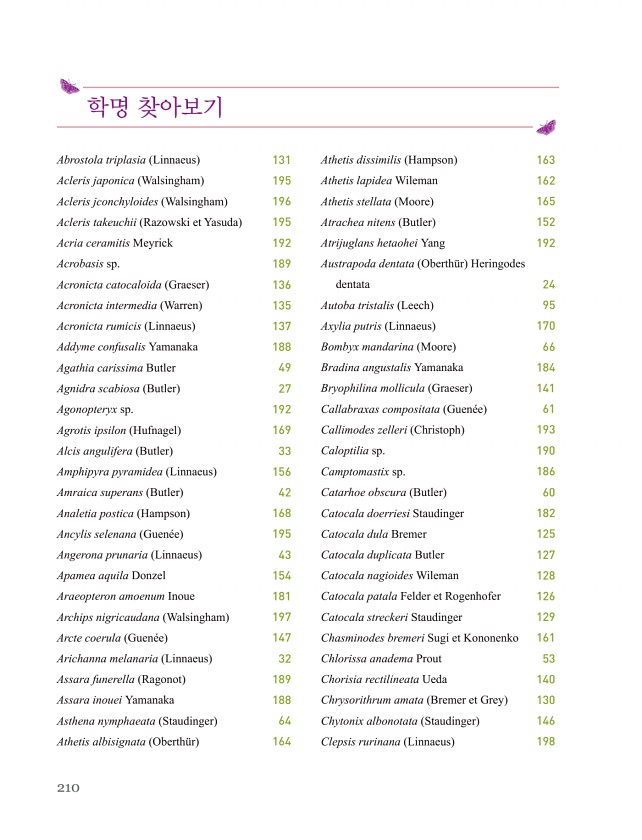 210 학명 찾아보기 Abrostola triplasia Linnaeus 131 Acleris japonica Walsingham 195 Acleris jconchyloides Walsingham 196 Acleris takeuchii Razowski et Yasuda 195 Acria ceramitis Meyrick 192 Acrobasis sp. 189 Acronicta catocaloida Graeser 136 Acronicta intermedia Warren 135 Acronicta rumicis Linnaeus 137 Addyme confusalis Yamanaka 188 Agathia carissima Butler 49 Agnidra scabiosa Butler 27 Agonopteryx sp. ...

--

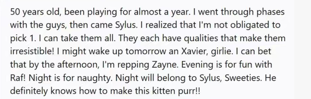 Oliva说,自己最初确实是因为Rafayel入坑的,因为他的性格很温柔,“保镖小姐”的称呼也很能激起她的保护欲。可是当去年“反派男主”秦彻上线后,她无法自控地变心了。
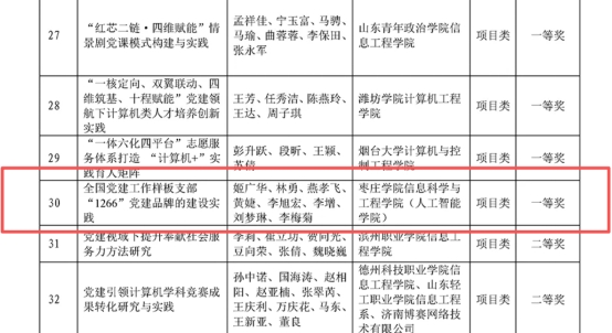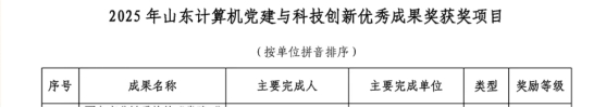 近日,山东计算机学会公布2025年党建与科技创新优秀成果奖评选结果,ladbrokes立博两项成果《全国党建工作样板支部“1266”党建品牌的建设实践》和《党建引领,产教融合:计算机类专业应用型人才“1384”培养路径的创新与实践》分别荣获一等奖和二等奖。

- **TASK ITEM**
Beginning with the line above that contains "Oliva说,自己最初确实是" and finishing with the line that contains "近日,山东计算机学会公布20", print those lines exactly and only. Skip all pictures.

- **SOLUTION FOR THIS TASK**
 Oliva说,自己最初确实是因为Rafayel入坑的,因为他的性格很温柔,“保镖小姐”的称呼也很能激起她的保护欲。可是当去年“反派男主”秦彻上线后,她无法自控地变心了。
 近日,山东计算机学会公布2025年党建与科技创新优秀成果奖评选结果,ladbrokes立博两项成果《全国党建工作样板支部“1266”党建品牌的建设实践》和《党建引领,产教融合:计算机类专业应用型人才“1384”培养路径的创新与实践》分别荣获一等奖和二等奖。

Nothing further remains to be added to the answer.